Türkiye’de etnik yapının 2000’li yıllardaki dağılımıyla ilgili olarak ise, elimizdeki en önemli araştırma sonuçları Milli Güvenlik Kurulu'nun sekiz yıl önce üç ayrı üniversiteye yaptırdığı ve sonuçları açıklanmamış olan araştırma raporudur. Ergenekon soruşturması nedeniyle Malatya’daki kitabevi cinayetinin dosyasına konulduktan sonra kamuoyunun bilgi sahibi olduğu araştırmanın sonuçlarına göre Türkiye’nin etnik yapısı şöyledir.
En büyük grup olan Türkler (Türkmen, Yörük, Tatar, Tahtacı, Terekeme, Karaçay, Azeri gibi Türk soyundan gelen gruplar) 50 milyon olarak tahmin edilmiş olup Türkleşme sürecindekiler buna dahil edildiğinde 55 milyona varmaktadır.
Bu raporda ikinci büyük grup olarak gösterilen Kürtler, üç milyon kadar Zaza nüfusun da eklenmesiyle 12.600.000’ni bulmaktadır.

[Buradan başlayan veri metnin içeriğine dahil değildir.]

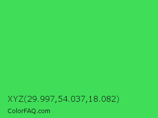 XYZ 29.997,54.037,18.082 Color is a normal green color and the nearest color is UFO Green #3cd070. Hex code #40de58 and RGB value is rgb(64,222,88). In RGB color space, this color is composed of 25% red, 87% green, 35% blue, In CMYK color space, this color is composed of 71% cyan, 0% magenta, 60% yellow , 13% black , In HSL color space, this color has a hue angle of 129° , 71% saturation and 56% lightness.
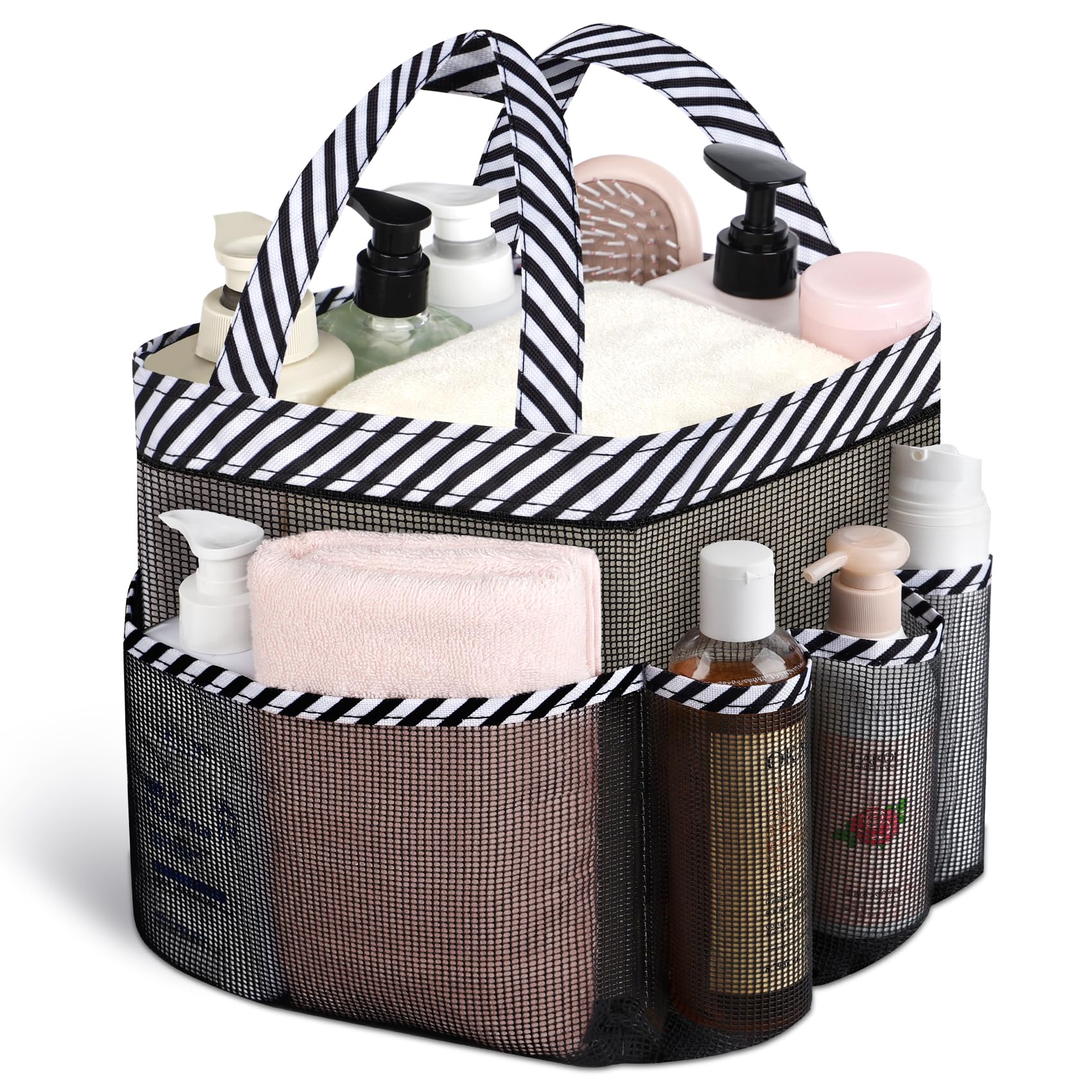High Quality : The shower caddy portable is made of tough and sturdy mesh, the shower basket can holds many toiletries and doesn't tear, and the mesh at the bottom allows for quick water filtration and may keep the pocket upright
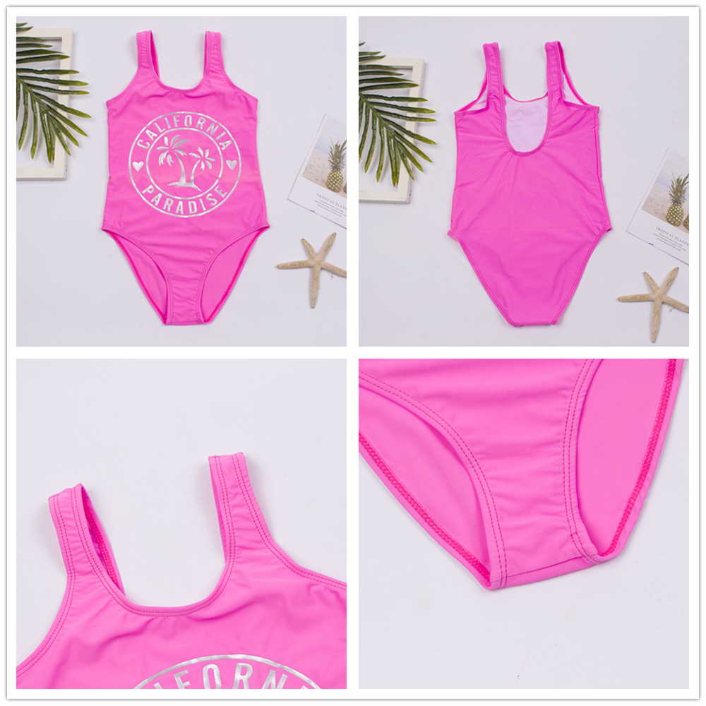 Traje de baño de una pieza rosa neón California para niñas

Bu nüfusun 2.500.000 kadarının Türkleşme süreci içinde olduğu, bazılarının Kürt kimliğini kabul etmediği ileri sürülmektedir.
Değişik şehirlerde dağınık olarak yaşayan Çerkezler ise, 2.500.000 civarında olup yüzde 80'nin Çerkezceyi unutmuş ve Türkleşmiş olduğu görülmektedir.
Toplu olarak Adapazarı, İzmir ve Manisa'da yaşayan Boşnakların nüfusu da 2 milyonu buluyor. Fakat bunlarda da Müslüman kimliği Boşnak kimliğinden önce geldiği için, büyük oranda Türkleşmişlerdir.
Türkiye'ye dağılmış durumdaki Arnavutların nüfusları 1 milyon 300 civarında olup, üçte ikisinin Türkleşme süreci tamamlanmış ve Arnavutlukla ilgileri kalmamıştır. Fakat üçte birinde Arnavut kimliği bilinçli olarak devam etmektedir.
Çoğunluğu Ordu, Artvin, Samsun ve Marmara bölgesinde yaşayan Gürcülerin de bir milyona yakın olduğu tahmin edilmektedir. Bunların çoğunluğu da Gürcü dilini unutmuş ve Türkleşmiştir.
Siirt, Şırnak, Mardin, Diyarbakır, Şanlıurfa, Hatay, Adana ve İstanbul'da yaşayan Arapların miktarları da bu raporda 870 bin olarak gösteriliyor.
Bazılarına göre Türk, bazılarına göre Slav ırkından olan Pomaklar da 600 bin civarında olup, tamamen Türkleşmiş durumdadırlar.
Bir Kafkas halkı olan ve Lazca konuşan gerçek Lazlar, Rize ve Artvin'in birkaç köyünde ve göç ettikleri birkaç Marmara şehrinde yaşıyorlar. Toplam nüfusları ise 80 bin kadardır.
Rize ve Artvin'in bazı ilçelerinde yaşayan ve sayıları 13 bin civarında olan Hemşinler de oldukça küçük bir gruptur.
Türkiye'de yaşayan diğer etnik grupların sayısı da 1 milyonu aşıyor. Bunların arasında çingeneler 700 binlik nüfusuyla başı çekiyor. Türkiye'de ayrıca 60 bin Ermeni, 20 bin Yahudi ve 15 bin Rum kökenli vatandaşın yanı sıra, Mardin çevresinde çok az sayıda Süryani de bulunmaktadır.